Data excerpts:
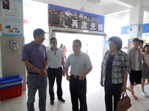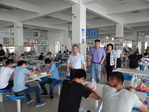 6月18日中午,校長甘筱青、副校長吳桃娥來到學生三食堂檢查指導工作,看望昨夜加班的食堂工作人員,并到學生中間了解同學們的情況。后勤管理處處長姜東升隨同檢查。
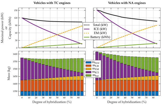 Effects of the degree of hybridization on the maximal power and the mass distribution of the vehicle and its components. The plots on the left-hand side show the results from vehicles equipped with a turbocharged ICE, while the plots on the right-hand side show the results from vehicles with naturally aspirated ICEs.
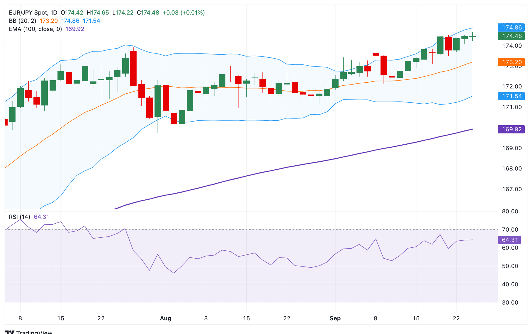 The EUR/JPY cross posts modest gains near 174.50 during the early European trading hours on Wednesday. The Japanese Yen (JPY) softens against the Euro (EUR) after the latest S&P Global flash Japan Manufacturing Purchasing Managers’ Index (PMI) fell at the fastest pace in six months in September.
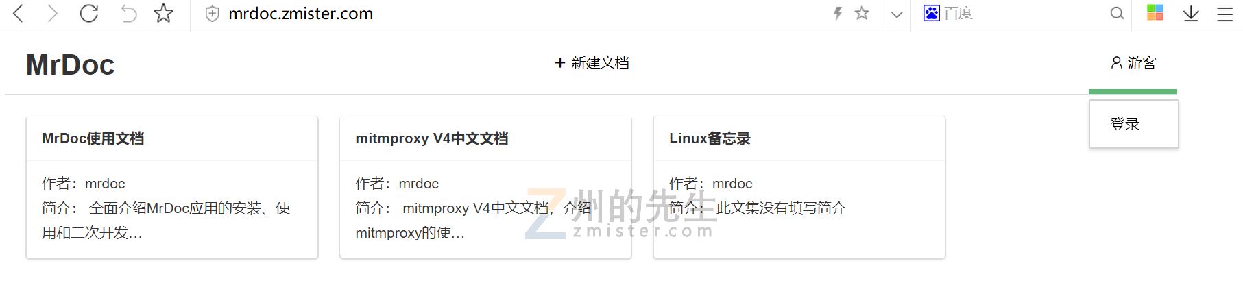 MrDoc的登录地址为:`域名/user/login/` 在MrDoc的首页右上角,鼠标悬浮停留在用户名上,亦会弹出“登录按钮”,如下所示:  访问其链接,可以进入到MrDoc的登录页面,如下图所示:  如果用户名和密码输入正确,会直接跳转到MrDoc首页。如果其中有一项输入错误,则会提示你“用户名或密码输入错误”,如下图所示:  登录成功后,会跳转到MrDoc的首页,也就是文集列表的页面。
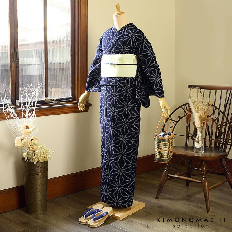 お仕立て上がり絞り浴衣単品「麻の葉 紺」有松絞り 女性浴衣単品 レディース浴衣単品 綿 お仕立て上がり浴衣 yukata
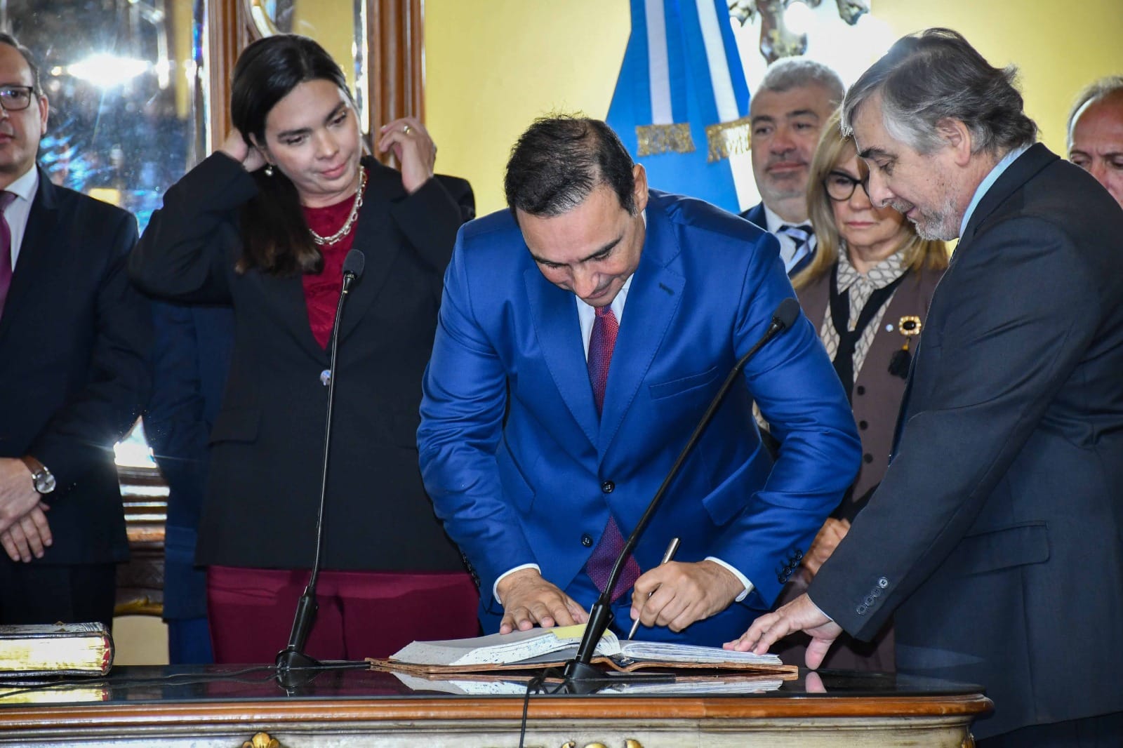 Luego, el escribano mayor de Gobierno, Rolando Battilana, a cargo de la fiscalización del acto, leyó el acta correspondiente, tras lo cual el gobernador Valdés tomó juramento de ley de posesión del cargo a la flamante titular de la Cartera.
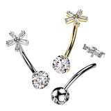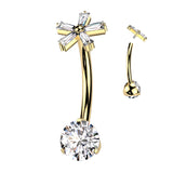 Gold Titanium Baguette Daisy Topper Belly Bar with Internal Threading
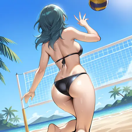 附加:户外、排球网、白天、蓝天、排球(物体)、沙滩

Aim of the task:
Keep the pictures out of your answer, which should be the lines from the one with "お仕立て上がり絞り浴衣単品「麻の葉 紺」有松絞り 女性浴衣単品" through the final line of the data, copied exactly.

Response to the exercise:
 お仕立て上がり絞り浴衣単品「麻の葉 紺」有松絞り 女性浴衣単品 レディース浴衣単品 綿 お仕立て上がり浴衣 yukata
 Luego, el escribano mayor de Gobierno, Rolando Battilana, a cargo de la fiscalización del acto, leyó el acta correspondiente, tras lo cual el gobernador Valdés tomó juramento de ley de posesión del cargo a la flamante titular de la Cartera.
 Gold Titanium Baguette Daisy Topper Belly Bar with Internal Threading
 附加:户外、排球网、白天、蓝天、排球(物体)、沙滩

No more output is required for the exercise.